→ Your objective:
Transcribe the material from its first line onward, ending with the line that contains "11 December 2025;" and adding nothing beyond it.

→ Material provided:

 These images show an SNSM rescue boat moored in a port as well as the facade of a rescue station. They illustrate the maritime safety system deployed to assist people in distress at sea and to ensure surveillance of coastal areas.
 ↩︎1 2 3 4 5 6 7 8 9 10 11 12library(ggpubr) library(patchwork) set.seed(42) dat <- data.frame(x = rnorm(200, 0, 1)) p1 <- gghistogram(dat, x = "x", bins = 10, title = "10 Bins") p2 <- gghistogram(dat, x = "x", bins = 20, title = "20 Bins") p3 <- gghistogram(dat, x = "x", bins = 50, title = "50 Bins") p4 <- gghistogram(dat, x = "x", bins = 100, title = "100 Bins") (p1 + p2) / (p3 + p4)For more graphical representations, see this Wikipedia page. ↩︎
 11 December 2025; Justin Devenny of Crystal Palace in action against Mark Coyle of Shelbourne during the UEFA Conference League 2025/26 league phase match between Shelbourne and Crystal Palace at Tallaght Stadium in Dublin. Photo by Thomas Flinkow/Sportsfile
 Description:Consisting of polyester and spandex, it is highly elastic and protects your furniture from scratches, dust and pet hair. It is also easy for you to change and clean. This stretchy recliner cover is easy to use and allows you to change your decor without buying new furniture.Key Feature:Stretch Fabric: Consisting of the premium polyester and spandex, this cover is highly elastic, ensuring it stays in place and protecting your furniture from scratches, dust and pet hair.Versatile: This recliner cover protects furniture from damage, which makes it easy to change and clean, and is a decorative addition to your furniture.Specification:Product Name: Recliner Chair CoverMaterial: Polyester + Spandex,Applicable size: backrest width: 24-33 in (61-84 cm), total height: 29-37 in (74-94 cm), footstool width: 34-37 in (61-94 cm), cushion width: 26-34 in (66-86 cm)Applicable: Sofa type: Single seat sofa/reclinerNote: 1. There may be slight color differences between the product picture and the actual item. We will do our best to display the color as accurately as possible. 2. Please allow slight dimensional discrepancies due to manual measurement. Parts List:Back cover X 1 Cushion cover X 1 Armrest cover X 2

→ The completed task:
 These images show an SNSM rescue boat moored in a port as well as the facade of a rescue station. They illustrate the maritime safety system deployed to assist people in distress at sea and to ensure surveillance of coastal areas.
 ↩︎1 2 3 4 5 6 7 8 9 10 11 12library(ggpubr) library(patchwork) set.seed(42) dat <- data.frame(x = rnorm(200, 0, 1)) p1 <- gghistogram(dat, x = "x", bins = 10, title = "10 Bins") p2 <- gghistogram(dat, x = "x", bins = 20, title = "20 Bins") p3 <- gghistogram(dat, x = "x", bins = 50, title = "50 Bins") p4 <- gghistogram(dat, x = "x", bins = 100, title = "100 Bins") (p1 + p2) / (p3 + p4)For more graphical representations, see this Wikipedia page. ↩︎
 11 December 2025; Justin Devenny of Crystal Palace in action against Mark Coyle of Shelbourne during the UEFA Conference League 2025/26 league phase match between Shelbourne and Crystal Palace at Tallaght Stadium in Dublin. Photo by Thomas Flinkow/Sportsfile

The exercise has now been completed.